§ What you are asked to do: Without including any images, repeat the listing below exactly.

§ Data extract:
════

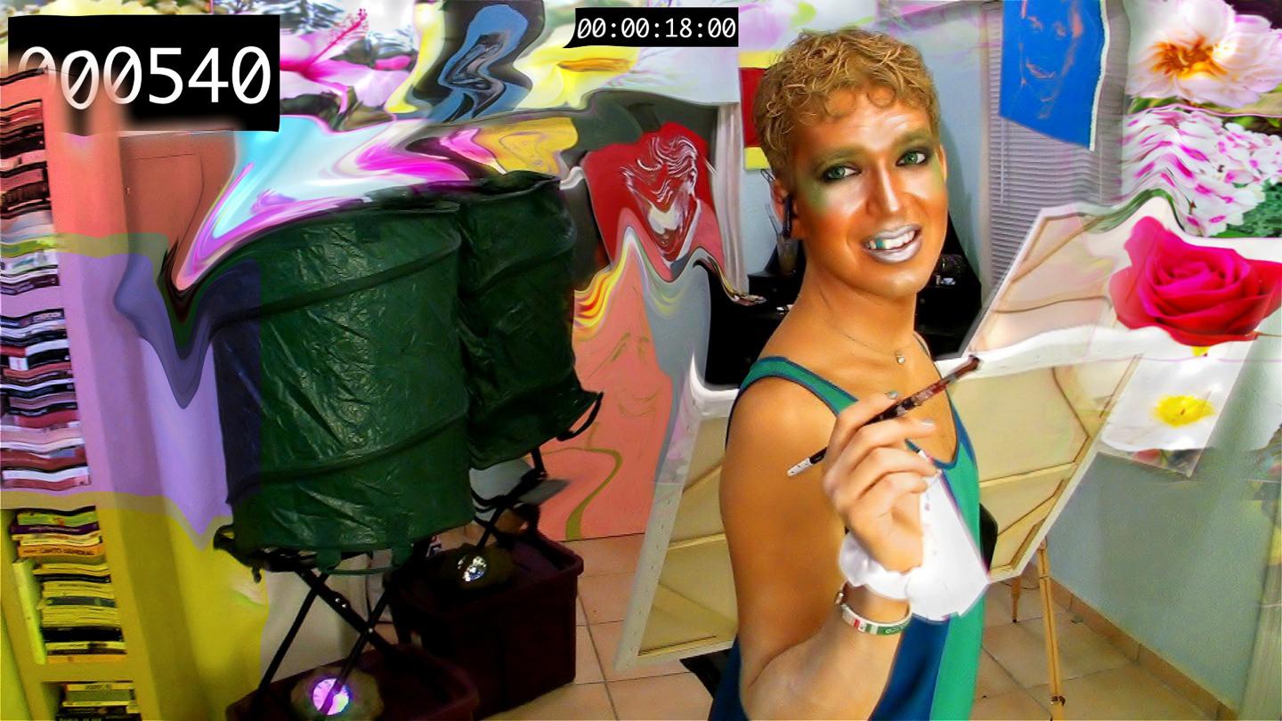 The characters played by Trecartin, in particular Wait and JJ (in their range of manifestations), undergo the greatest physical and linguistic transformations. We are introduced to Wait in the first scene of Ready, as he struggles with the after-effects of too many ‘conceptual drugs’ – products that involve adopting personalities wholesale. This constant state of becoming is, of course, exhausting (physically and metaphysically). When we meet JJ in Ready he has a radiant golden glow, vital as he paints his canvases. By the time we reach Roamie View : History Enhancement, however, JJ is a husk, totally spent, like an ecstasy user out of serotonin. He is desperate enough to hire Roamie (played by Alison Powell) to travel back in time to attempt to change the past and thus improve his future-present trajectory. This flight of fancy is important to locate, because at its heart this series is science fiction projecting a future constituted by the complex logic of the internet and our highly malleable subjectivities. This logic is not unordered, or even disordered, but contains simultaneous orders waxing and waning in influence.
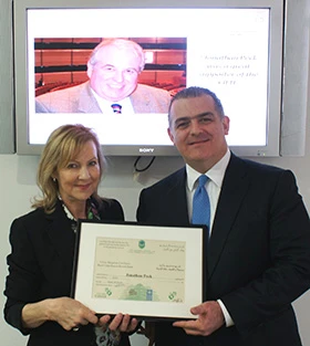 Also representing the global industry was Michel Bayoud from Boecker Public Health in the Lebanon. Michel talked of Jonathan’s knowledge and passion for the industry and his work in building bridges. As part of Jonathan’s legacy and following on from the NPMA organized PestWord East in Dubai last year he announced that there would be an outreach conference every three years and that the first will be in Beirut in 2016. There will also be an annual educational grant, the Jonathan Peck Award, for a Middle Eastern pest professional. Touchingly Michel also said that a Lebanon cedar tree had been planted in Jonathan’s memory and he presented Fionnula Peck with a special framed certificate about the tree.
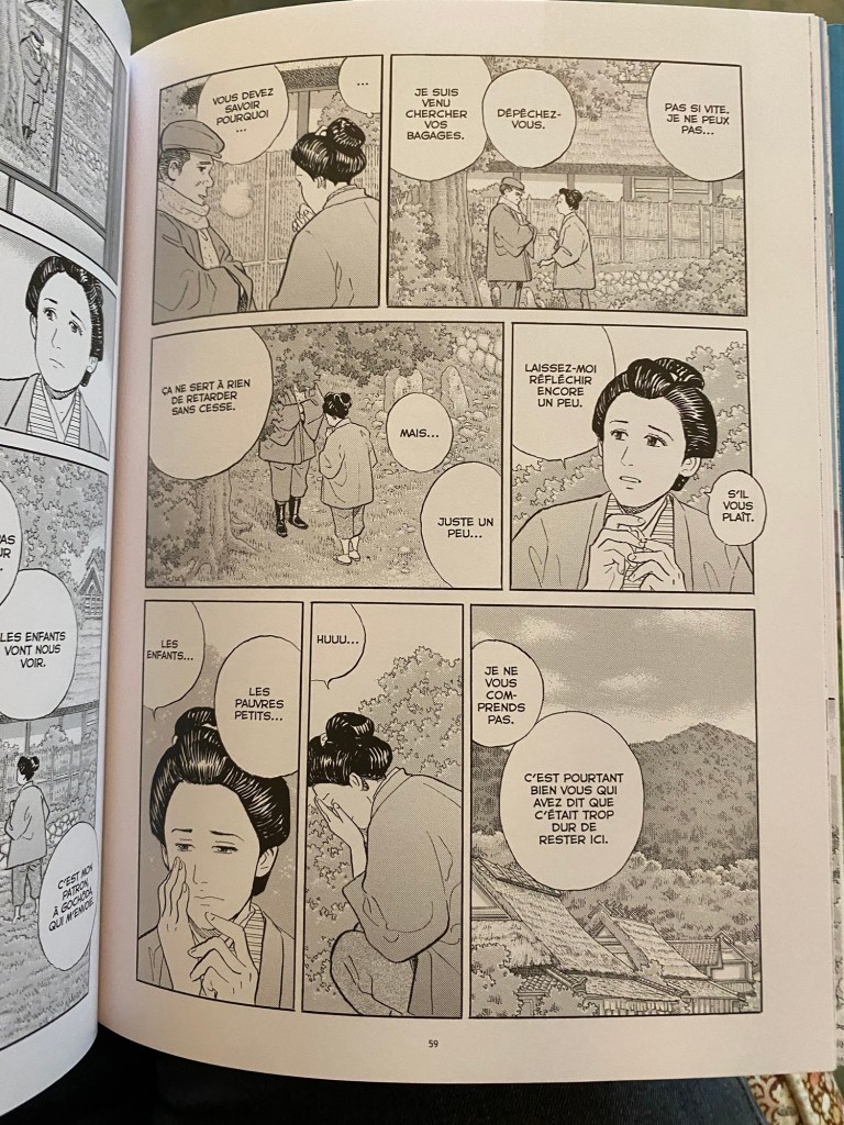 On y suit en parallèle Tomoji (célèbre au Japon pour avoir fondé une secte bouddhiste) qui vit dans la campagne non loin du mont Fuji et son cousin Fumiaki, photographe à Tokyo. La vie s’écoule entre joies et chagrins, dans le magasin familial, à l’école, dans les champs et le lecteur s’attache à cette jeune fille qui traverse tant d’épreuves et que l’on quitte à reget au seuil de sa vie adulte.
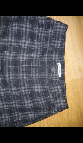 Falda de cuadros, ideal para el invierno. - Diseño a cuadros en tonos negros y grises. - Etiqueta de la marca visible.

════

§ Solution for this exercise:
 The characters played by Trecartin, in particular Wait and JJ (in their range of manifestations), undergo the greatest physical and linguistic transformations. We are introduced to Wait in the first scene of Ready, as he struggles with the after-effects of too many ‘conceptual drugs’ – products that involve adopting personalities wholesale. This constant state of becoming is, of course, exhausting (physically and metaphysically). When we meet JJ in Ready he has a radiant golden glow, vital as he paints his canvases. By the time we reach Roamie View : History Enhancement, however, JJ is a husk, totally spent, like an ecstasy user out of serotonin. He is desperate enough to hire Roamie (played by Alison Powell) to travel back in time to attempt to change the past and thus improve his future-present trajectory. This flight of fancy is important to locate, because at its heart this series is science fiction projecting a future constituted by the complex logic of the internet and our highly malleable subjectivities. This logic is not unordered, or even disordered, but contains simultaneous orders waxing and waning in influence.
 Also representing the global industry was Michel Bayoud from Boecker Public Health in the Lebanon. Michel talked of Jonathan’s knowledge and passion for the industry and his work in building bridges. As part of Jonathan’s legacy and following on from the NPMA organized PestWord East in Dubai last year he announced that there would be an outreach conference every three years and that the first will be in Beirut in 2016. There will also be an annual educational grant, the Jonathan Peck Award, for a Middle Eastern pest professional. Touchingly Michel also said that a Lebanon cedar tree had been planted in Jonathan’s memory and he presented Fionnula Peck with a special framed certificate about the tree.
 On y suit en parallèle Tomoji (célèbre au Japon pour avoir fondé une secte bouddhiste) qui vit dans la campagne non loin du mont Fuji et son cousin Fumiaki, photographe à Tokyo. La vie s’écoule entre joies et chagrins, dans le magasin familial, à l’école, dans les champs et le lecteur s’attache à cette jeune fille qui traverse tant d’épreuves et que l’on quitte à reget au seuil de sa vie adulte.
 Falda de cuadros, ideal para el invierno. - Diseño a cuadros en tonos negros y grises. - Etiqueta de la marca visible.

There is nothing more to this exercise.